# 2007 model Swift



## Rapide561 (Oct 1, 2005)

Hi

You can see the new low profile models here

http://www.ultimatelowprofile.co.uk/

Whilst the roof light above the cab is a great idea, I sincerely hope it is fited with a thick blind.

Any coach people amongst us will remember the Duple 425. Lovely curved piece of glass right over the drivers seat - perfect for getting overheated!

Rapide561


----------



## Pusser (May 9, 2005)

I have one or three reservations about build quality from reading posts on here unless of course I am getting confused with something else.


----------



## Rapide561 (Oct 1, 2005)

*build quality*

LOL LOL

Rapide561


----------



## geraldandannie (Jun 4, 2006)

Nice website, but the floorplans look very same-y to me. I saw some at Shepton Mallet, and they were OK. I opened the roundy-cupboard thing with the grey twirly container thing inside. "This is clever," says Annie. I spun it, and at one point in its rotation, it caught on part of the frame  

This actually showed up in a number of motorhomes. Okay, there's hundreds of people crawling over them during the day, but by the end of Saturday, there were many which were showing signs of wear and tear. On a couple of them, I saw frayed itty-bitty pieces of carpet on narrow steps leading to a bed over a garage. Cupboard doors wouldn't shut properly. One drawer we opened came completely out and fell on the floor.
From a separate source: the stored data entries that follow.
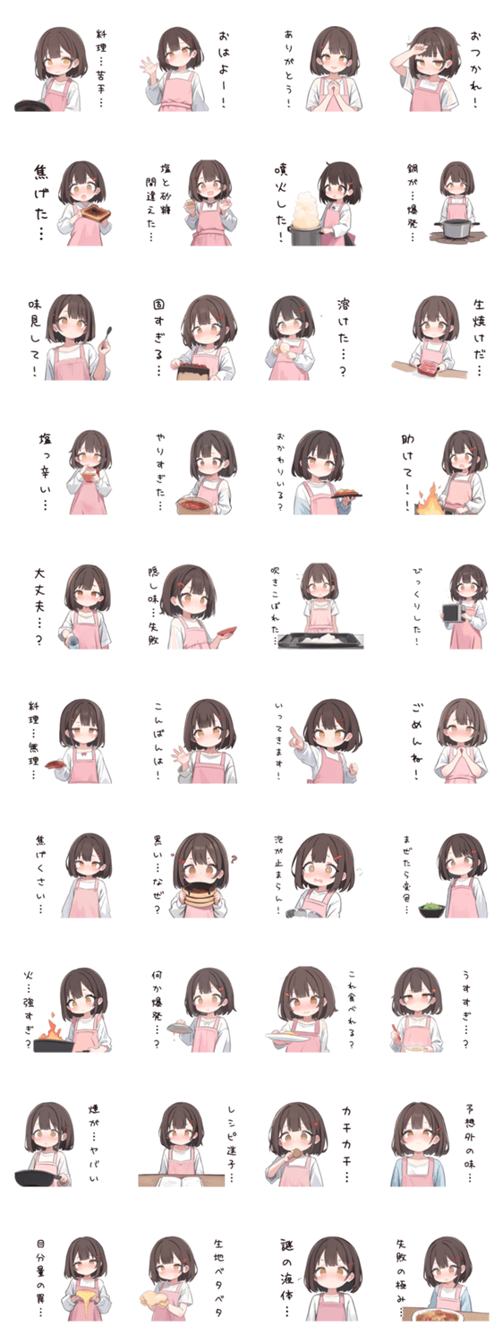 料理が苦手で失敗続き?焦がす、こぼす、レシピを間違える…そんなドタバタを詰め込んだスタンプです。料理の失敗談にぴったり!
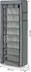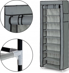 The sturdy frame made of metal tubes with plastic connectors ensures the strength of the entire structure. Shelves made of durable fabric are tensioned between the tubes, which adds rigidity and allows comfortable, well-organized storage. Thanks to the distance between shelves of about 15 cm, you can easily arrange both clothing and footwear.
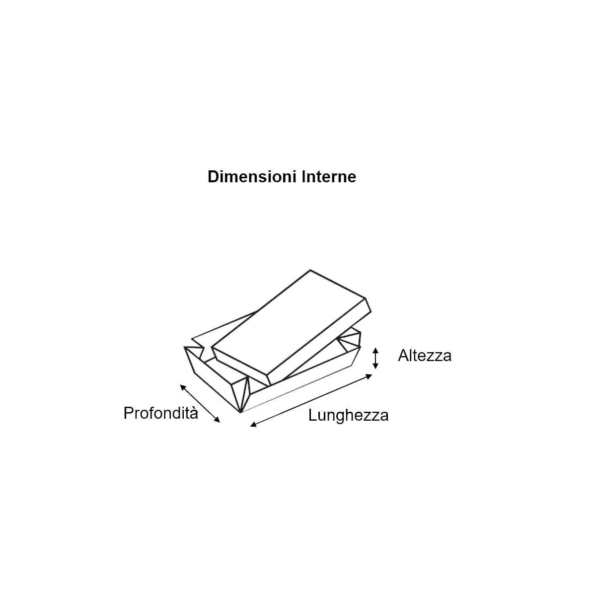| Dimensioni | Le dimensioni sono in cm e si riferiscono a quelle interne. Convenzione: le prime due sono quelle di base(lunghezza x profondià), la terza è l'altezza. La scelta è tra le dimensioni a catalogo |
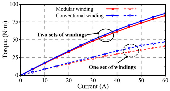 The peak-to-peak torque variation with current for the machines using different winding configurations is shown in Figure 12. Overall, as the phase current amplitude increases, the conventional double three-phase winding shows a slight advantage in torque ripple suppression. The variation of average torque with phase current for the different winding configurations is shown in Figure 13. It can be observed that the modular structure achieves a smaller torque ripple but compared to the traditional dual three-phase winding configuration, it exhibits a slight decrease in the average torque.
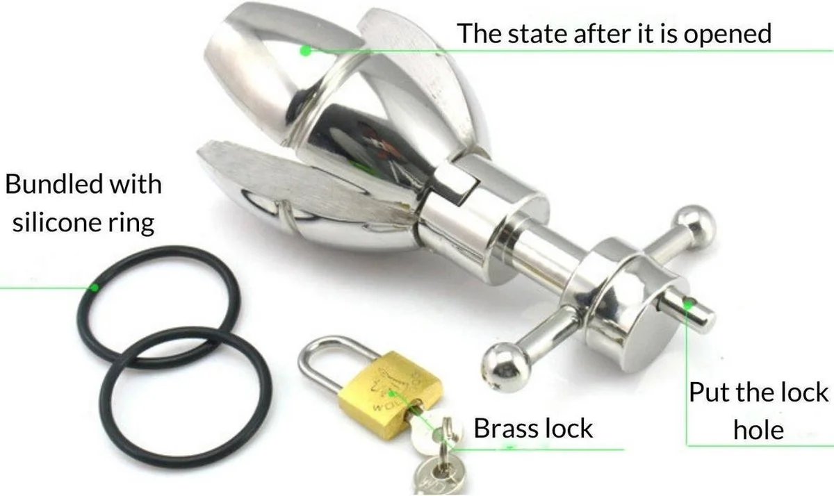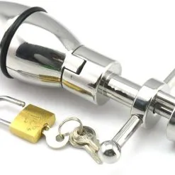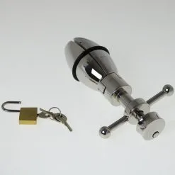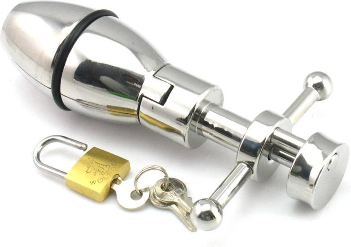 Een klein slot zorgt ervoor dat de plug niet kan worden verwijderd, en alleen de eigenaar van de sleutel kan het anale uitrekken stoppen.
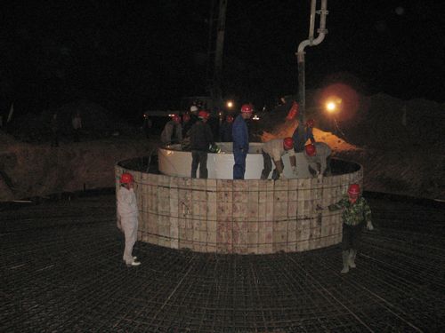 520是业主要求风机基础浇注的第一个网络节点,可由于混凝土供货商服务单位多,搅拌车数量不足,白天无法作业,为了兑现对业主的承诺,项目部挑灯夜战,23号风机机位上灯火通明,机声隆隆,工地上一片繁忙景象。经过一夜的奋战,一个400m3的风机基础呈现在人们面前。业主项目负责人张守峰对此予以高度评价。
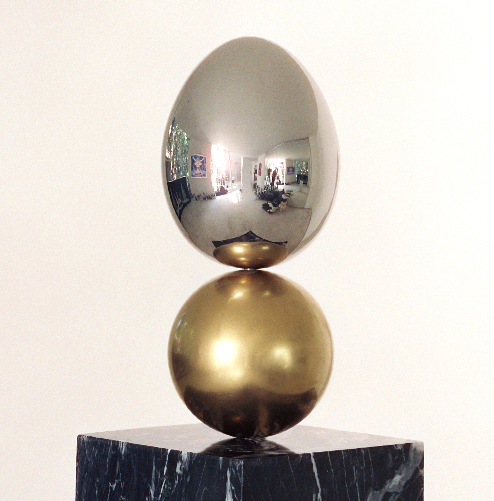 Egg of Reflection speaks to the cyclical rhythm of life and the threads that bind all things together. A cube of black marble, scattered with ancient fossils, anchors the work in geological time. Resting above it, a polished steel egg mirrors the world around it, drawing viewers into its surface and into their own reflections. The piece balances material history with a sense of possibility, offering a quiet space for contemplation.
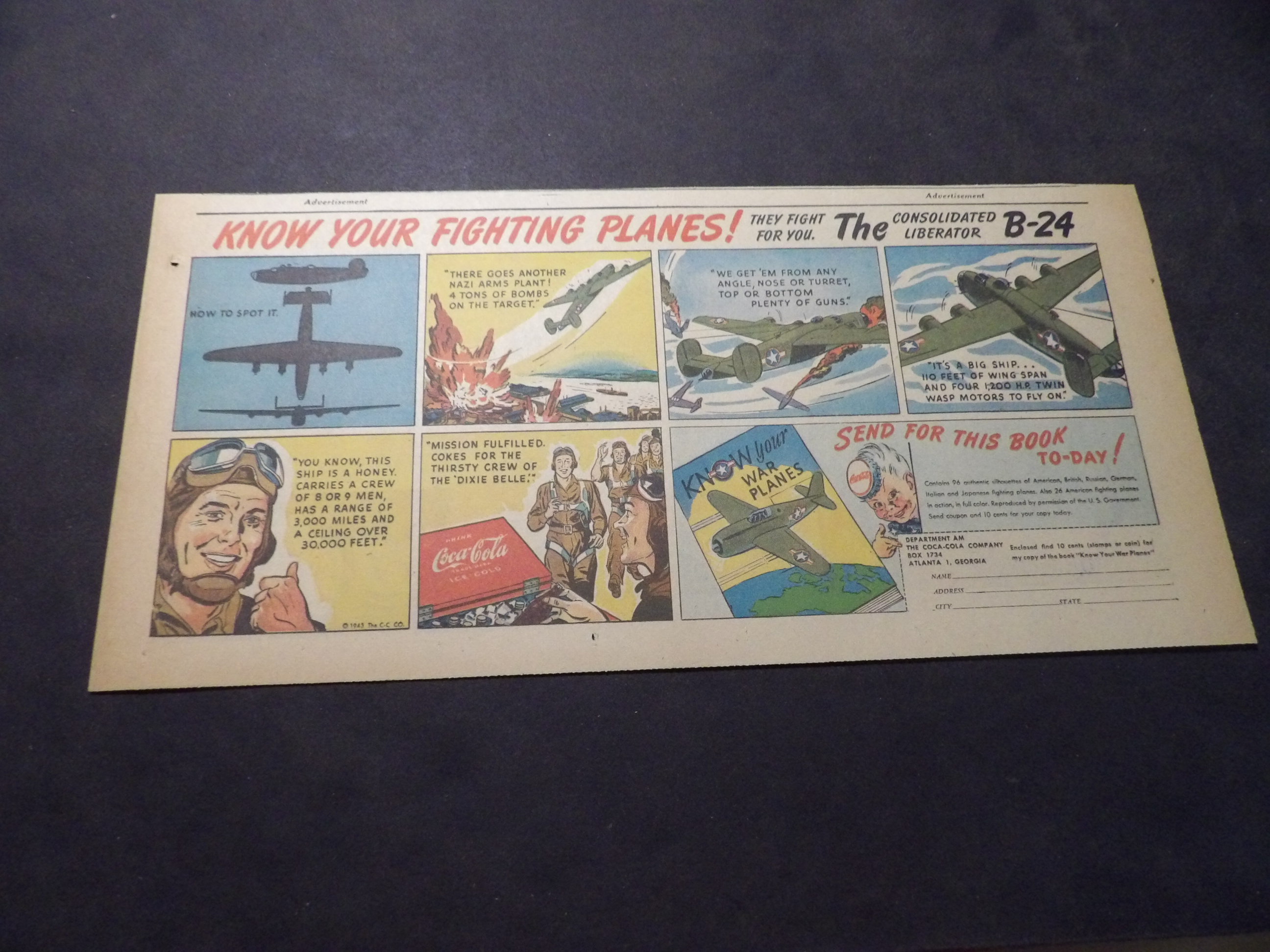| A007-0216 | Coca-Cola | 1940's - 1TH | G-VG/G-VG/VG | $5.00 | featuring Consolidated Liberator B-24, 'Know Your Fighting Planes' Book Premium, On reverse Pond's Cold Cream ad(TH) |

Perhaps if the salesmen had spent less time polishing their shoes, and more time preparing their vans, they might have lasted the distance better.

Gerald


----------



## Pusser (May 9, 2005)

gerannpasa said:


> Nice website, but the floorplans look very same-y to me. I saw some at Shepton Mallet, and they were OK. I opened the roundy-cupboard thing with the grey twirly container thing inside. "This is clever," says Annie. I spun it, and at one point in its rotation, it caught on part of the frame
> 
> This actually showed up in a number of motorhomes. Okay, there's hundreds of people crawling over them during the day, but by the end of Saturday, there were many which were showing signs of wear and tear. On a couple of them, I saw frayed itty-bitty pieces of carpet on narrow steps leading to a bed over a garage. Cupboard doors wouldn't shut properly. One drawer we opened came completely out and fell on the floor.
> 
> ...


That's it then. No sales for Swift this year.


----------



## geraldandannie (Jun 4, 2006)

I'll try not to lose too much sleep over it. It _is_ a nice website, though. Very dramatic. Shame you can't tour in a website.

I'm sure all the little problem-ettes will get sorted out by the time a customer comes to collect their P&J. If not, then I'm sure very soon after. Well, as soon as possible, anyway. As long as no parts are required. Or labour.

Or am I being too cynical?

Gerald


----------



## trevorf (May 16, 2005)

I agree the low profile with roof light design looks great. The downside is you loose alot of overhead locker space.  

Trevor


----------



## ingram (May 12, 2005)

Well, we liked them; with a preference for the 'FB' fixed bed models; not perfect of course but pretty well our favourites in the whole show.

I noticed some less than perfect 'finishing' here and there but it seems that these display models were 'prototypes' and presumably were a bit of a rushed build.................. that is unless we were in a different 'van when that comment was made. So many to look at ........ someone sitting in the Ace Airstream thought that they were in a Lunar untill we put them right; "It's made by Swift" I said. Oh! they had been put off Swift by someone else .....

Harvey


----------